*Input*
---

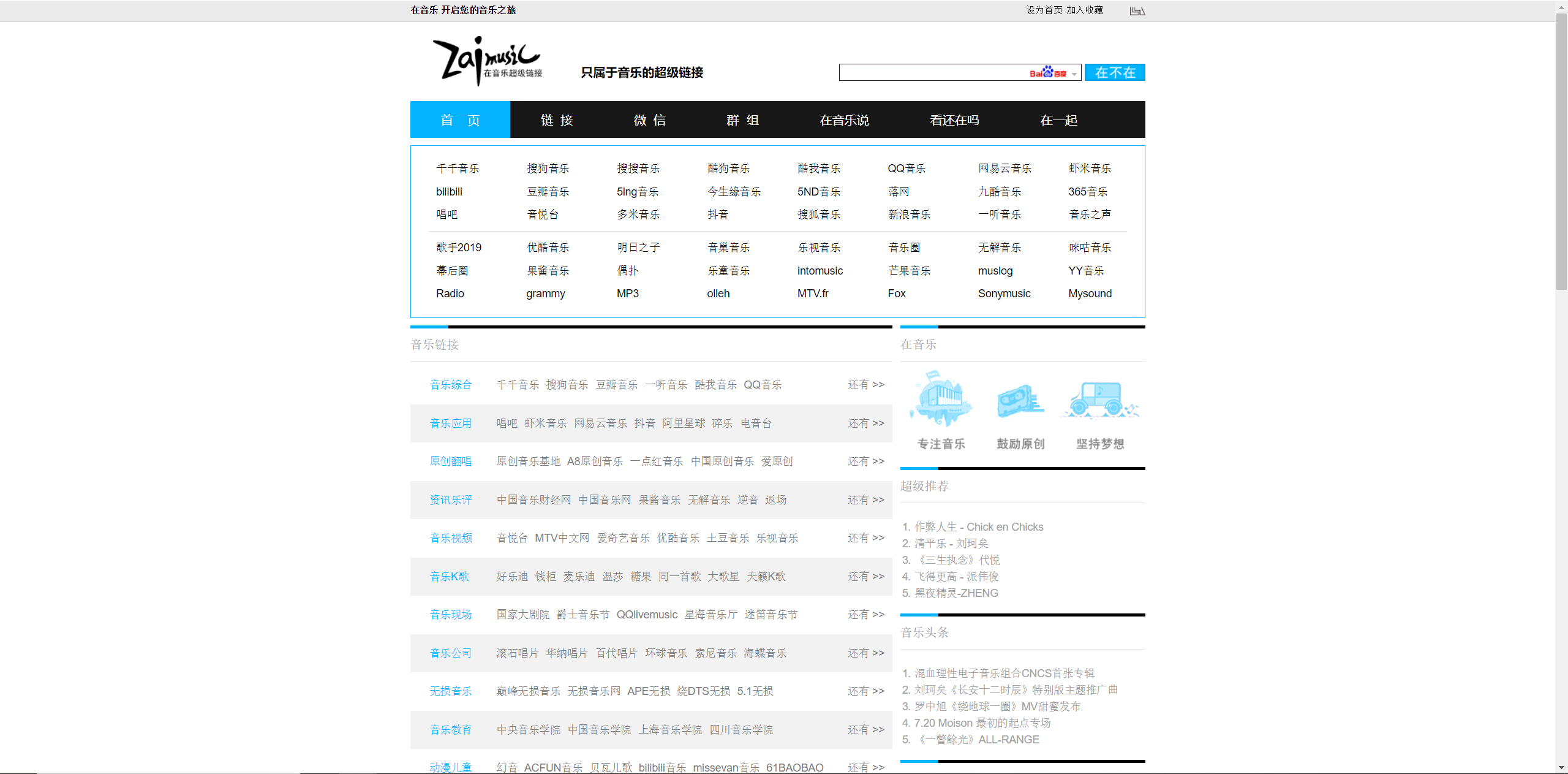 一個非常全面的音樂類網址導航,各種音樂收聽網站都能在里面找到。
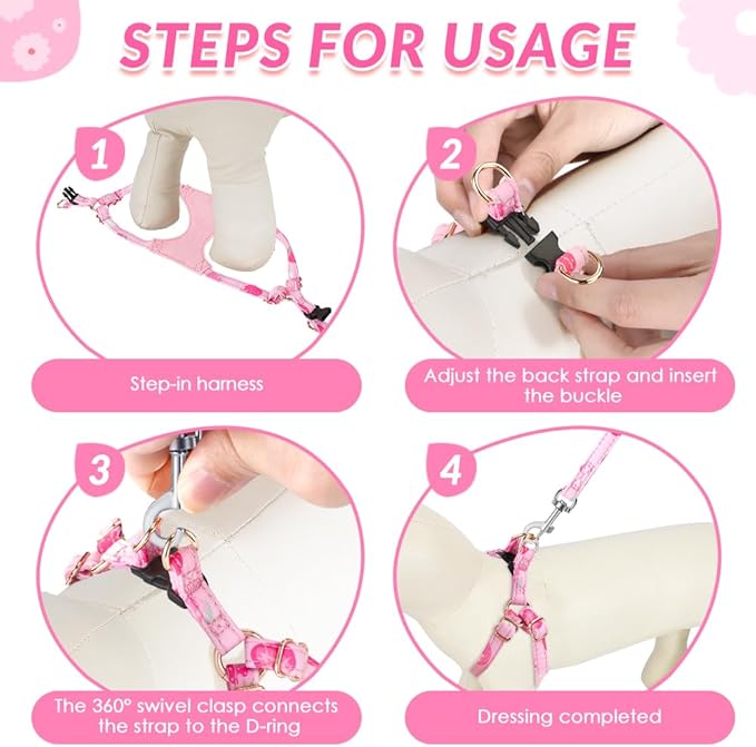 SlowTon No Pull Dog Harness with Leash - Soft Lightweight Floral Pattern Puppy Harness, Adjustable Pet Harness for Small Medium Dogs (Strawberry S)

---

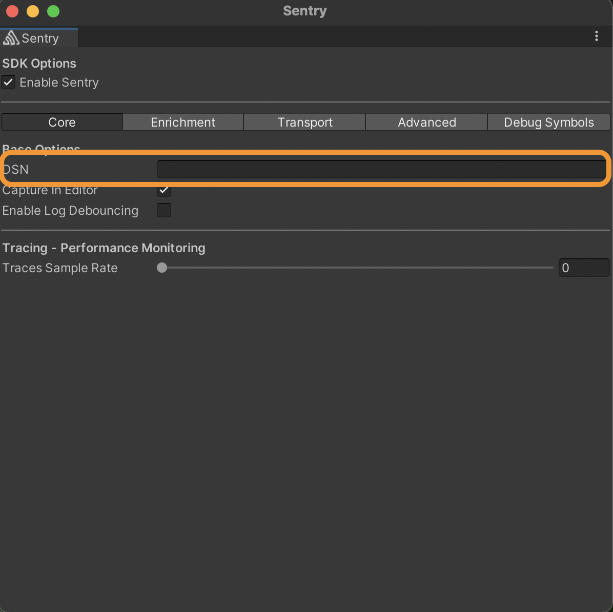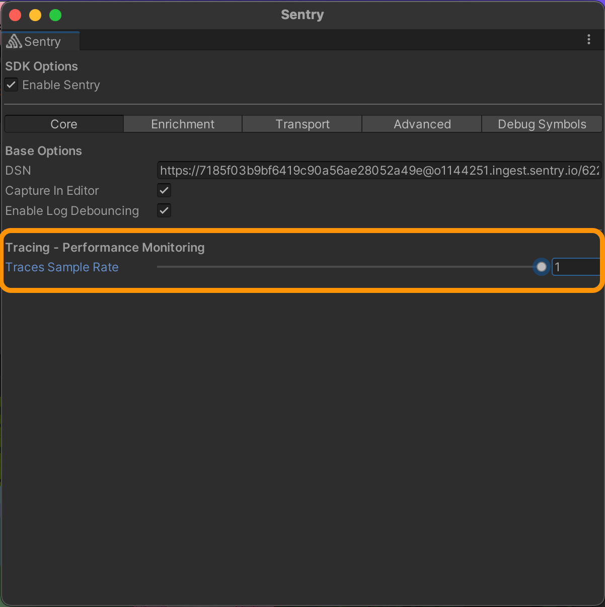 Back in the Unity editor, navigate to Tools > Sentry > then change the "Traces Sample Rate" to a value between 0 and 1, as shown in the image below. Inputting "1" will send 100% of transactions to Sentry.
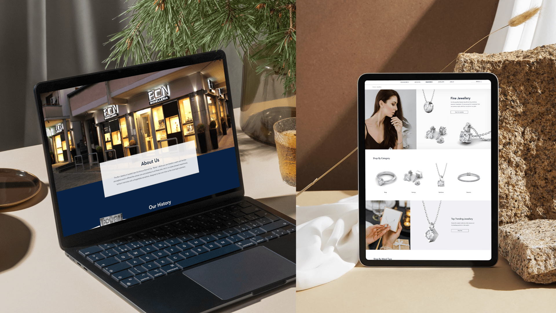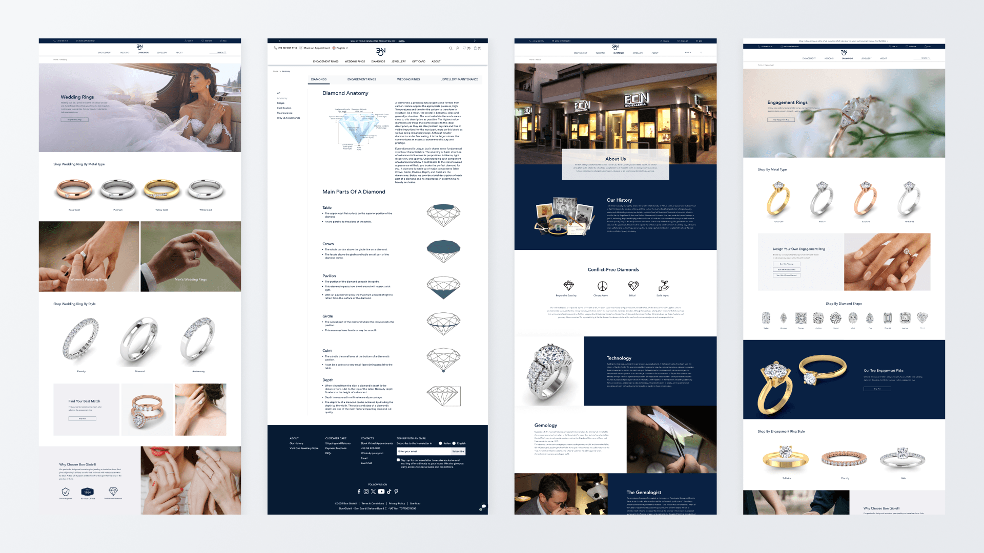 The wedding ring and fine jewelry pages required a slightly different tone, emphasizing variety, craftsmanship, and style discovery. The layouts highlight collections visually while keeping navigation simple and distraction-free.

---

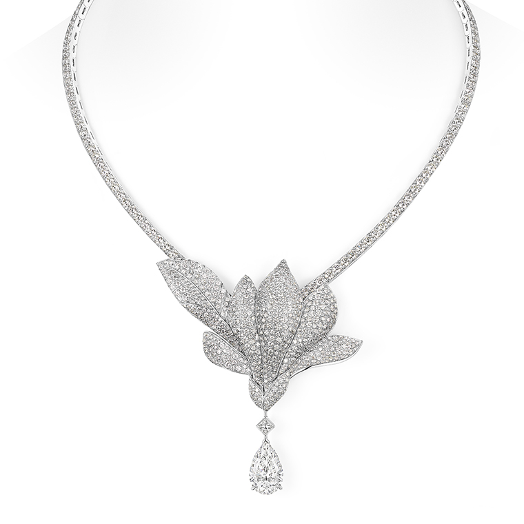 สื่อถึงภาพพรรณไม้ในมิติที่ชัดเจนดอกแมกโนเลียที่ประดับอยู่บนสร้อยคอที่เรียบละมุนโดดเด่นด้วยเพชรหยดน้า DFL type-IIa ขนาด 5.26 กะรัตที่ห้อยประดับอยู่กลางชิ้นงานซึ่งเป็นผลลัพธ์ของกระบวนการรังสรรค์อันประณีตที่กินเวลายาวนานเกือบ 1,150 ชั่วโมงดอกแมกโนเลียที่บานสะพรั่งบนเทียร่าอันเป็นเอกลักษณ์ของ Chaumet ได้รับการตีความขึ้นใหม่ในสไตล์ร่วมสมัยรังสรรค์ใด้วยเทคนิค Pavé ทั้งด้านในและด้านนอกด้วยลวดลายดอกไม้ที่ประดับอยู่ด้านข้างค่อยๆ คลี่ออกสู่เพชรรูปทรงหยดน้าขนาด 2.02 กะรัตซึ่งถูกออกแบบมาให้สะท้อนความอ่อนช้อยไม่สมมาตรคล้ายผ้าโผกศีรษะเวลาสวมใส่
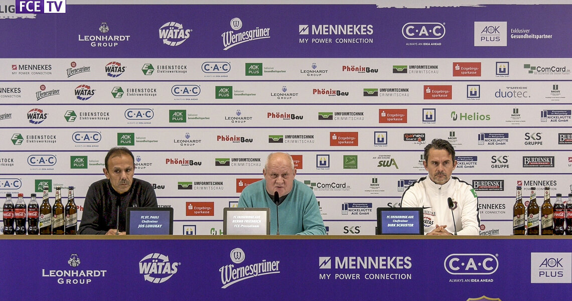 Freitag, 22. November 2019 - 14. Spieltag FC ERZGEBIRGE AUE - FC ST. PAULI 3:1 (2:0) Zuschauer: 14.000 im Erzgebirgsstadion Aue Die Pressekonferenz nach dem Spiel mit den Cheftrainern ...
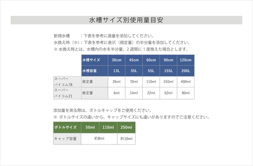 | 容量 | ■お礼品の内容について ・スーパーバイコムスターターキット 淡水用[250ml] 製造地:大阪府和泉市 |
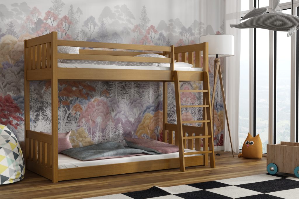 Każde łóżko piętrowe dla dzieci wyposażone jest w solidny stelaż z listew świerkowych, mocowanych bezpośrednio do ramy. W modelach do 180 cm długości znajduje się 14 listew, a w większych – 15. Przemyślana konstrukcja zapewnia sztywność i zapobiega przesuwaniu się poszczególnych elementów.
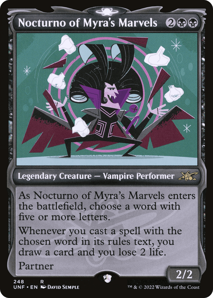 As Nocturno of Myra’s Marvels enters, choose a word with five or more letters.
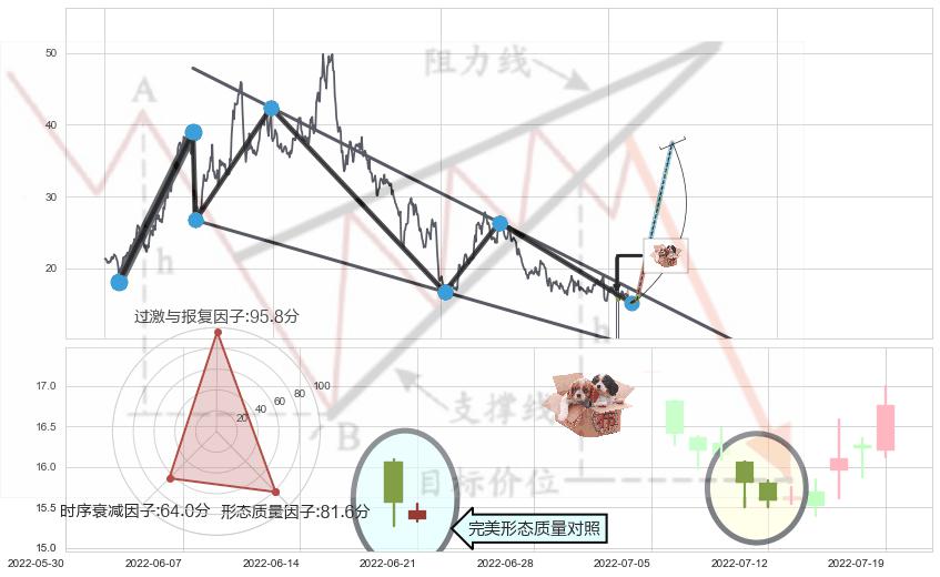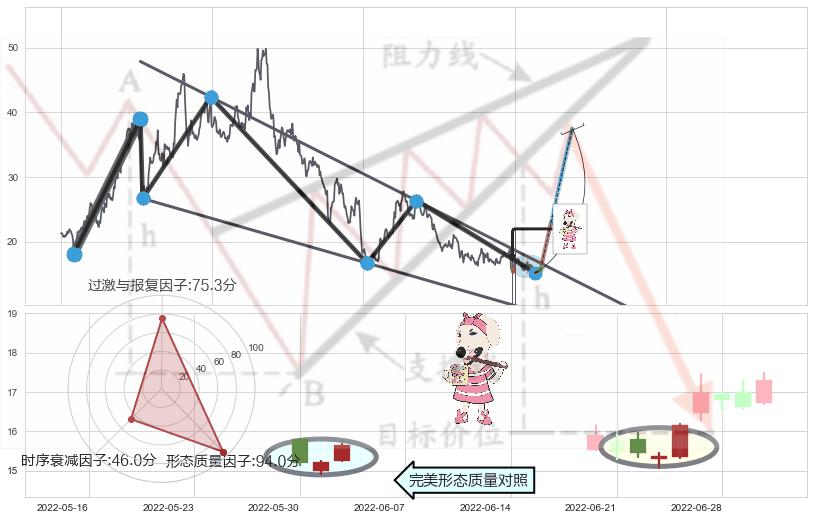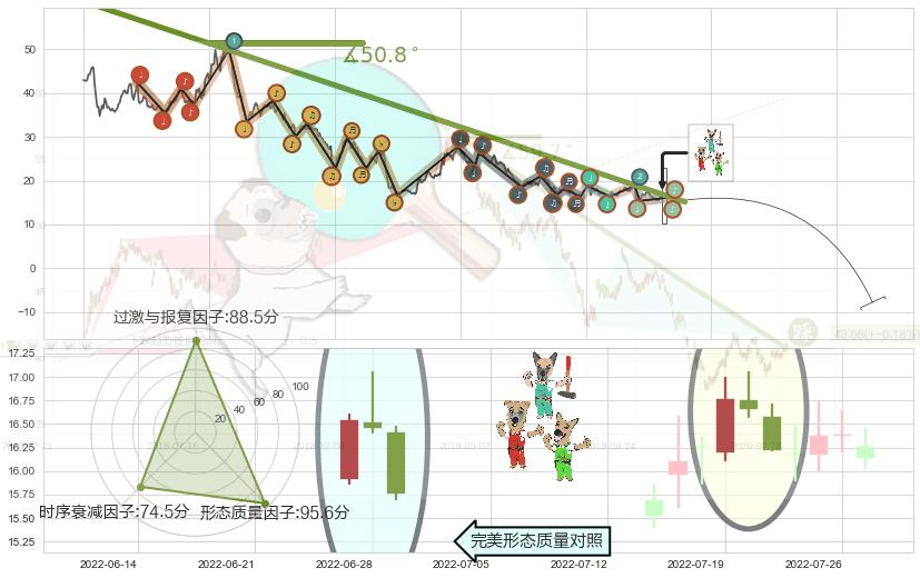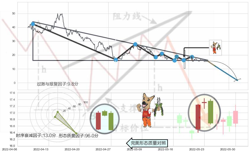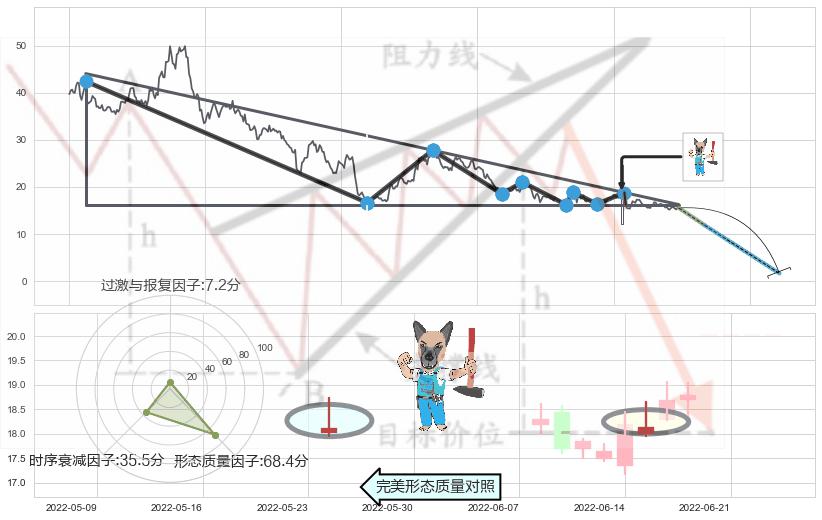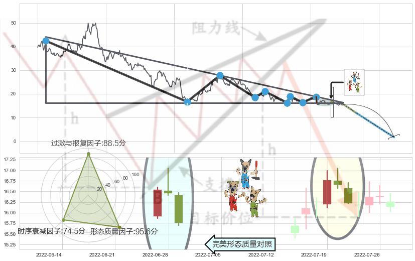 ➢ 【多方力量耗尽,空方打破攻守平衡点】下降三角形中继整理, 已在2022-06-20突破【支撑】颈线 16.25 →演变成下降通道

---

*What to work on*
Return, exactly as they stand, the lines above from the one with "一個非常全面的音樂類網址導航,各種音樂收聽網站都能在里面找到。" to the one with "SlowTon No Pull", omitting any pictures among them.

*Task result*
 一個非常全面的音樂類網址導航,各種音樂收聽網站都能在里面找到。
 SlowTon No Pull Dog Harness with Leash - Soft Lightweight Floral Pattern Puppy Harness, Adjustable Pet Harness for Small Medium Dogs (Strawberry S)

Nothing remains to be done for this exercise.